Processing Manifold-valued Data on Finite Weighted Graphs
This project aims to investigate methods to perform image processing and data analysis on manifold-valued data defined on a graph. This reaches from defining meaningful models and differential operators for data on Riemannian manifolds, to deriving numerical optimization schemes to solve the related problems, to the investigation of theoretical properties as convergence rates and upper bounds, to finally applying derived algorithms to real world applications, e.g., in medical imaging.
Homogenization in Translation invariant periodic spaces
This project aims to investigate the discretization of elliptic partial differential equations with periodic boundary conditions on anisotropic spaces of translates. Of special interest are the influence of the anisotropic sampling lattice, the choice of the translation invariant space, convergence results and the investigation of periodic wavelets.
Non-Smooth Variational Models with Second Order and Local Anisotropy Priors for Restoring Cyclic and Manifold-Valued Images
Variational methods in imaging are nowadays developing towards a quite universal and flexible tool, allowing for highly successful approaches on various imaging tasks. Many useful techniques rely on non-smooth, convex functionals. Combinations of first and second order derivatives in regularization functionals or the incorporation of anisotropies steered by the local structures of the image have led to very powerful image restoration techniques. Splitting algorithms together with primal-dual optimization methods are the state-of-the-art techniques for minimizing these functionals. Their strength consists in the splitting of the original problem into a sequence of proximal mappings which can be computed efficiently.

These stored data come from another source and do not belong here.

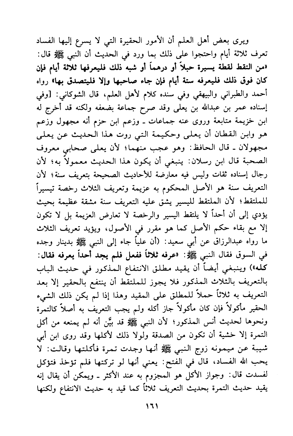 ويرى بعض أهل العلم أن الأمور الحقيرة التي لا يسرع إليها الفساد تعرف ثلاثة أيام واحتجوا على ذلك بما ورد في الحديث أن النبي - صَلَّى اللهُ عَلَيْهِ وَسَلَّمَ - قال: (من التقط لقطة يسيرة حبلاً أو درهماً أو شبه ذلك فليعرفها ثلاثة أيام فإن كان فوق ذلك فليعرفه ستة أيام فإن جاء صاحبها وإلا فليتصدق بها) رواه أحمد والطبراني والبيهقي وفي سنده كلام لأهل العلم، قال الشوكاني: [وفي إسناده عمر بن عبد الله بن يعلى وقد صرح جماعة بضعفه ولكنه قد أخرج له ابن خزيمة متابعة وروى عنه جماعات. وزعم ابن حزم أنه مجهول وزعم هو وابن القطان أن يعلى وحكيمة التي روت هذا الحديث عن يعلى مجهولان. قال الحافظ: وهو عجب منهما لأن يعلى صحابي معروف الصحبة قال ابن رسلان: ينبغي أن يكون هذا الحديث معمولاً به لأن رجال إسناده ثقات وليس فيه معارضة للأحاديث الصحيحة بتعريف سنة لأن التعريف سنة هو الأصل المحكوم به عزيمة وتعريف الثلاث رخصة تيسيراً للملتقط لأن الملتقط لليسير يشق عليه التعريف سنة مشقة عظيمة بحيث يؤدي إلى أن أحداً لا يلتقط اليسير والرخصة لا تعارض العزيمة بل لا تكون إلا مع بقاء حكم الأصل كما هو مقرر في الأصول ويؤيد تعريف الثلاث ما رواه عبد الرزاق عن أبي سعيد: (أن علياً جاء إلى النبي - صَلَّى اللهُ عَلَيْهِ وَسَلَّمَ - بدينار وجده في السوق فقال النبي - صَلَّى اللهُ عَلَيْهِ وَسَلَّمَ -: عرفه ثلاثاً ففعل فلم يجد أحداً يعرفه فقال: كله) وينبغي أيضاً أن يقيد مطلق الانتفاع المذكور في حديث الباب بالتعريف بالثلاث المذكور فلا يجوز للملتقط أن ينتفع بالحقير إلا بعد التعريف به ثلاثاً حملاً للمطلق على المقيد وهذا إذا لم يكن ذلك الشيء الحقير مأكولاً فإن كان مأكولاً جاز أكله ولم يجب التعريف به أصلاً كالتمرة ونحوها لحديث أنس المذكور لأن النبي - صَلَّى اللهُ عَلَيْهِ وَسَلَّمَ - قد بيَّن أنه لم يمنعه من أكل التمرة إلا خشية أن تكون من الصدقة ولولا ذلك لأكلها وقد روى
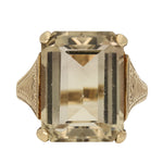 This smoky quartz ring is full of period character. Its impressive scale and gorgeous detailing make it a distinctive statement piece and an appealing addition to a fine vintage jewellery collection.
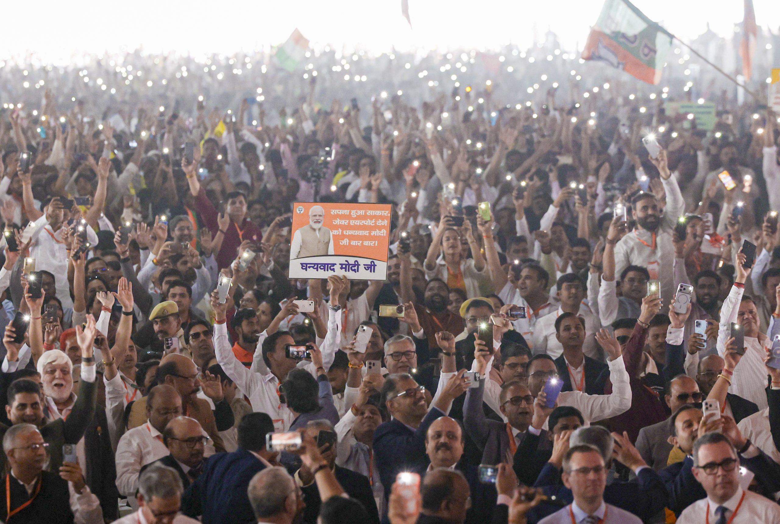 **EDS: THIRD PARTY IMAGE** In this image received on March 28, 2026, People hold a placard of Prime Minister Narendra Modi and light up mobile phone torches during inauguration of the newly constructed Noida International Airport, in Noida, Uttar Pradesh. (PMO via PTI Photo)(PTI03_28_2026_000116B)
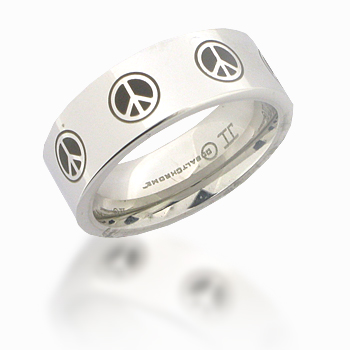 This 8mm cobalt chrome ring features laser engraved peace symbols. Deluxe comfort fit ring is made in the USA. Weight: approximately 10 grams. Cobalt Chrome is a unique alloy blend that consists of cobalt and other substances to form a bright white alternative metal. It is as white as platinum, hypoallergenic, unbreakable, and scratch resistant. These bands are light-weight, inside round comfort fit and very comfortable to wear. This metal has been used in medical applications for years. Occasional polishing may be required.
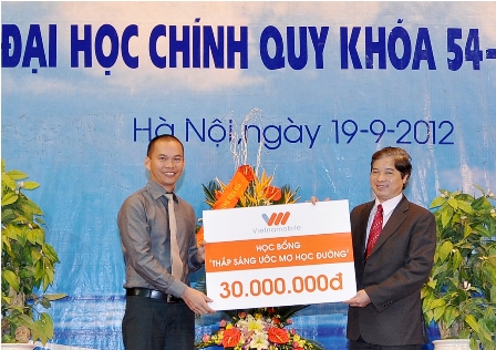 Cũng tại buổi lễ, có 5 nhà tài trợ đã đến dự và trao học bổng cho các em sinh viên (Trung tâm di động Vietnammobile, Công ty Bảo hiểm Ngân hàng Đầu tư và Phát triển Việt Nam, Ngân hàng Thương mại cổ phần Sài Gòn Thương Tín, Ngân hàng TMCP Xăng dầu Petrolimex, Quỹ học bổng và văn hóa Việt Nam Kumho Asiana). Trong đợt trao học bổng này, có khoảng 60 sinh viên được nhận học bổng với số tiền trị giá 321 triệu đồng.
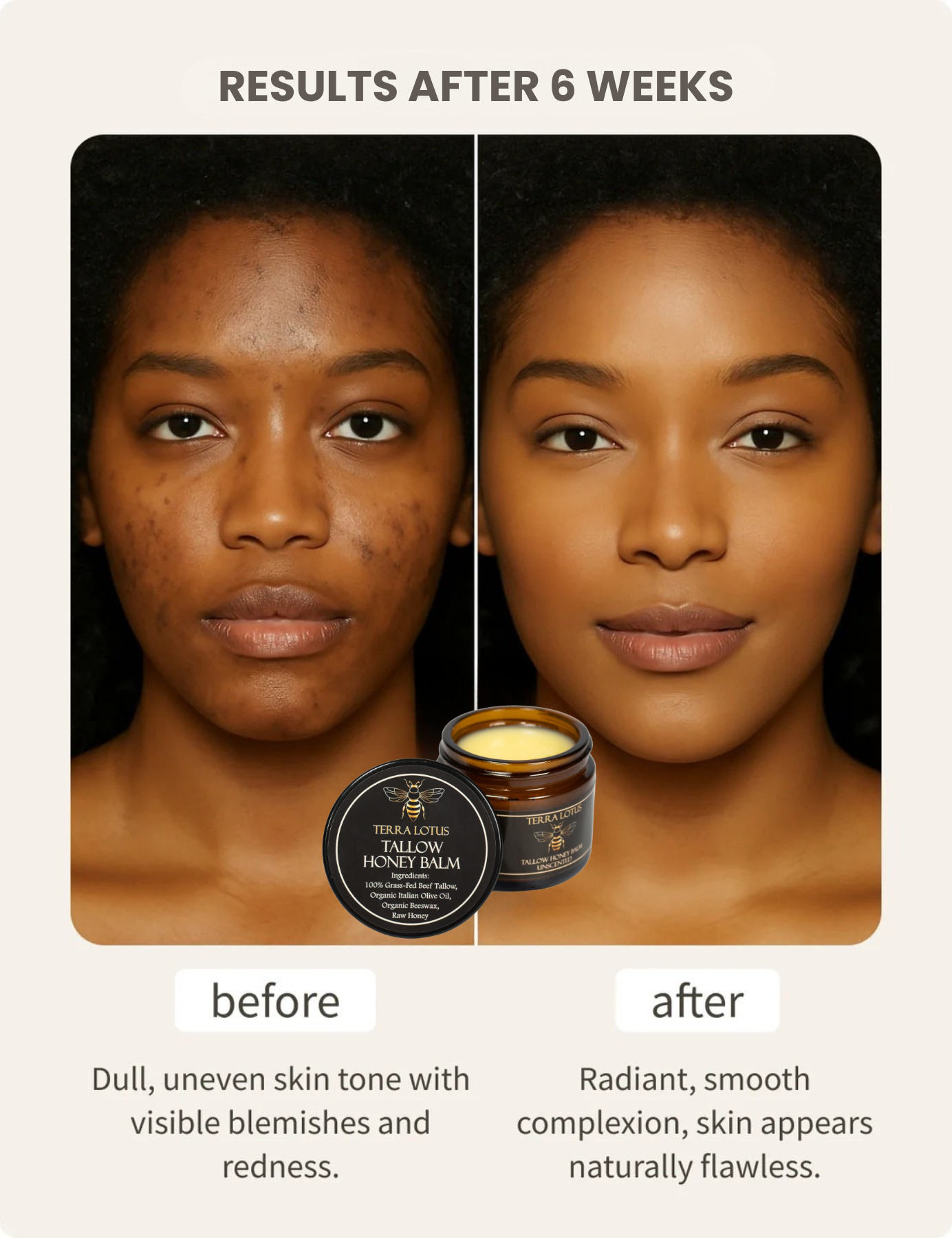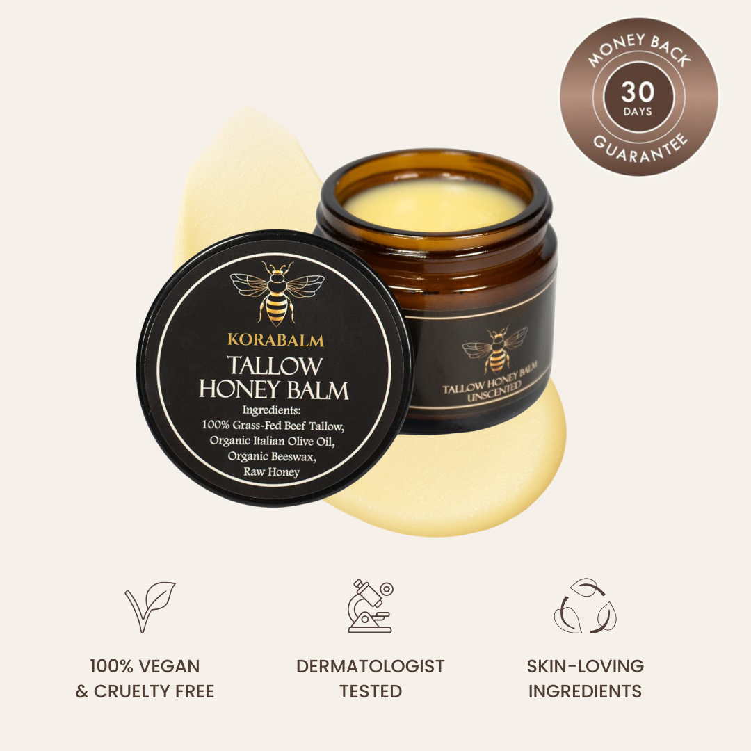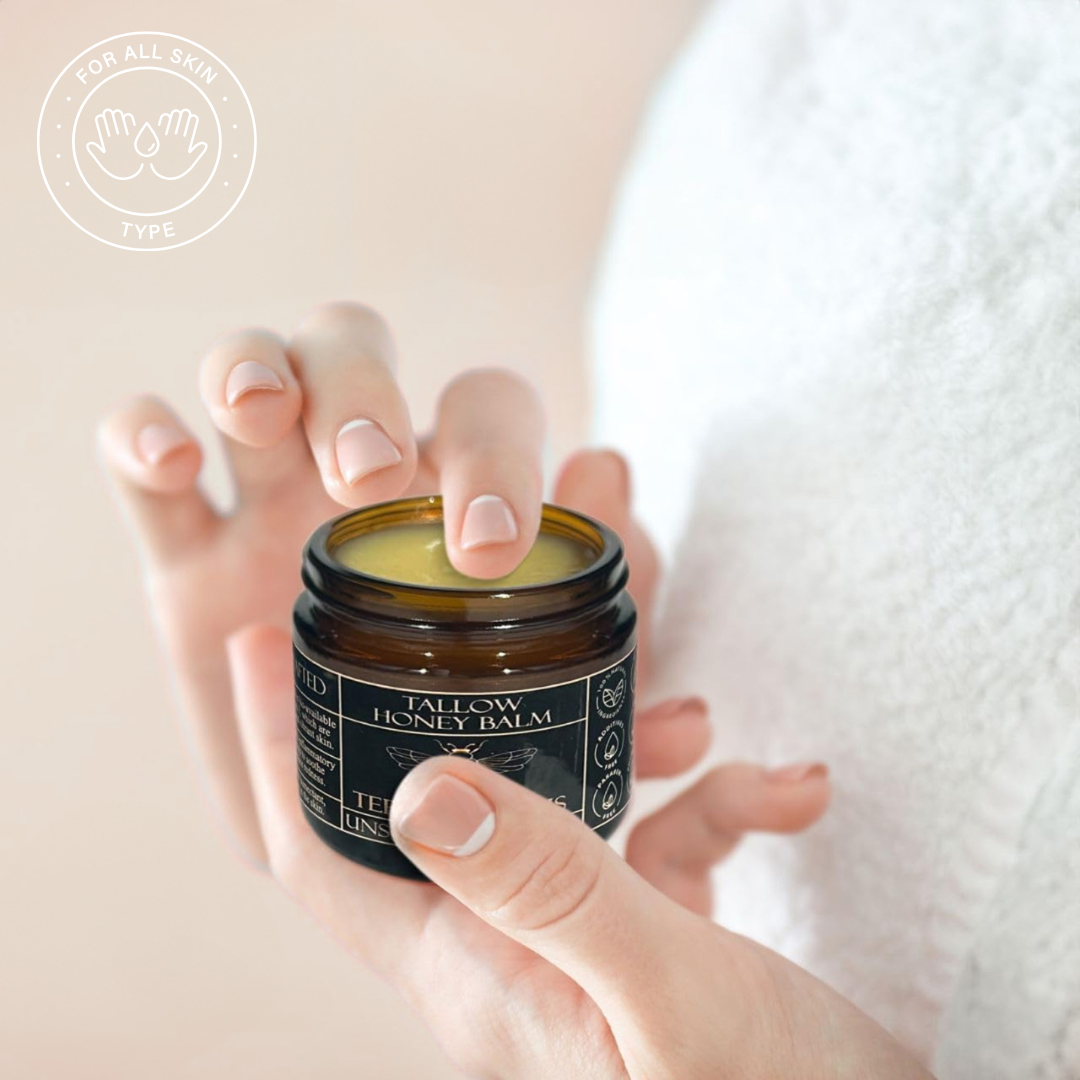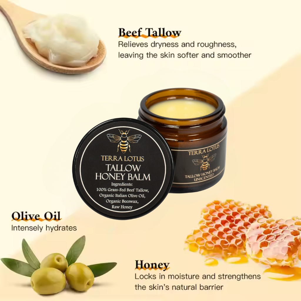 Made with just four ingredients: grass-fed beef tallow, organic olive oil, raw honey, and essential oils, it gently supports your skin’s natural barrier instead of destroying it.

Manifold-valued Image Restoration Toolbox
In many application data is nonlinear, i.e. restricted in a certain range and equipped with a different distance measure. For example measuring angles in InSAR imaging or when working on the phase of complex valued wavelets. Other applications include denoising in several color spaces like RGB, HSV and CB. These data live on the circle (\mathbb S^1), the sphere (\mathbb S^2) and vector spaces of combined real valued and phase valued data ((\mathbb S^1)^m\times\mathbb R^n). Furthermore, in Diffusion Tensor Imaging (DTI) every data item of an image is given by an (r\times r) symmetric positive definite matrix, i.e. from the space Sym(r). Often, all these data are obstructed by noise due to measurement or data transfer.

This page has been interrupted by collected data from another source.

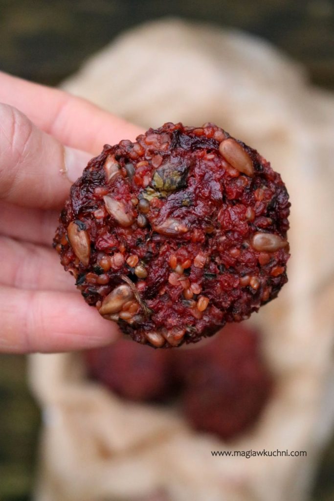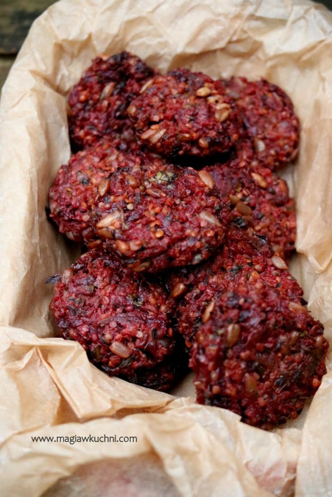 Buraki umyć i przełożyć do naczynia żaroodpornego , piec w piekarniku 200 C do miękkości ok godzinę. Cebulę usmażyć na niewielkiej ilości oliwy- przestudzić i dodać do buraków. Upieczone buraki zetrzeć na tarce o średnich oczkach. Ugotować kaszę według przepisu na opakowaniu , przestudzić i dodać do buraków wraz z przyprawami – wyrobić masę rękoma – na tym etapie można spróbować czy wystarczy dla nas przypraw. Teraz dodajemy jajko i płatki drożdżowe ponownie wyrobić. Blachę od piekarnika wyłożyć papierem do pieczenia formować małe kotleciki , ręce moczyć w wodzie i brać po łyżce masy wielkości orzecha włoskiego i formować kotleciki – układać na blaszce . Wstawić do nagrzanego piekarnika 170 C i piec ok 20-30 minut do zrumienienia się , następnie odwrócić i dopiekać jeszcze z 10 minut . Kotleciki można mrozić lub przechowywać w lodówce do trzech dni.
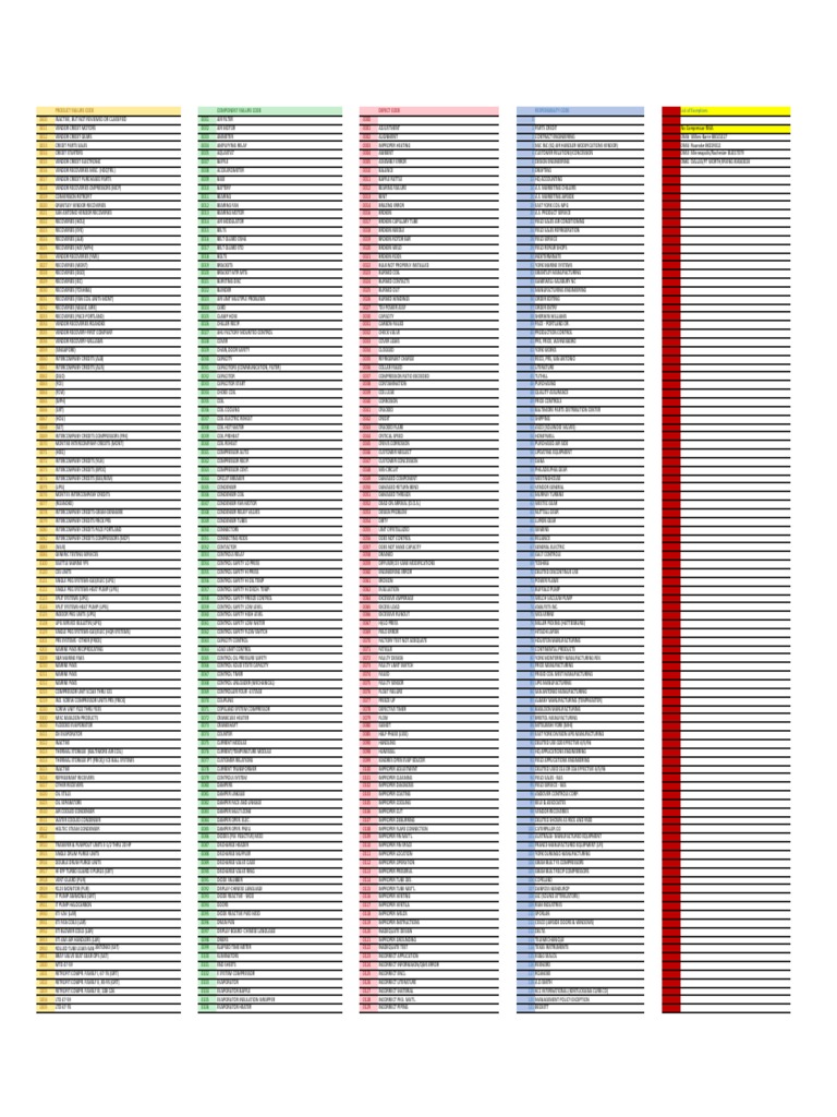FAILURE CODE COMPONENT FAILURE CODE DEFECT CODE RESPONSIBILITY CODE List of Exceptions
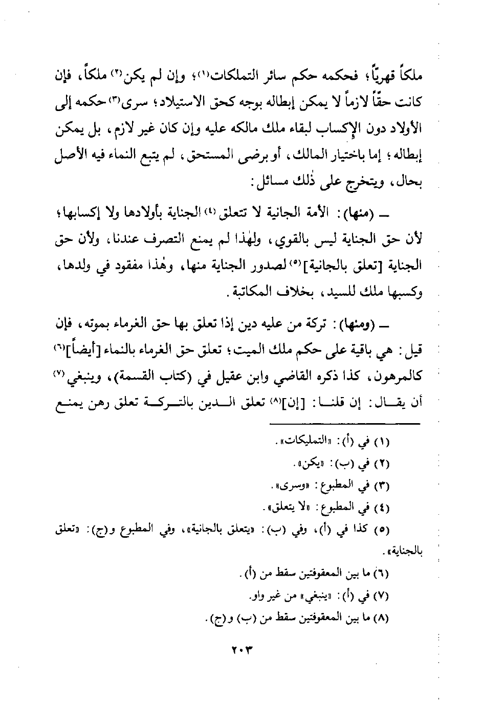 (¬5) كذا في (أ)، وفي (ب): "يتعلق بالجانية"، وفي المطبوع و (ج): "تعلق بالجناية".

Multivariate Anisotropic Translation Invariant Spaces on the Torus
In my PhD thesis (PDF, 4.5 MB, in german) I investigated translation invariant spaces on anisotropic lattices, a corresponding fast Fourier transform as well as periodic wavelets and a fast wavelet transform. The corresponding wavelets are anisotropic and they are obtained by smapling smooth functions in the Fourier domain and hence have certain lkocalization properties in time. Especially a generalization of the de la Vallee Poussin mean to the anisotropic mutlivariate case is derived and their corresponding wavelets are derived.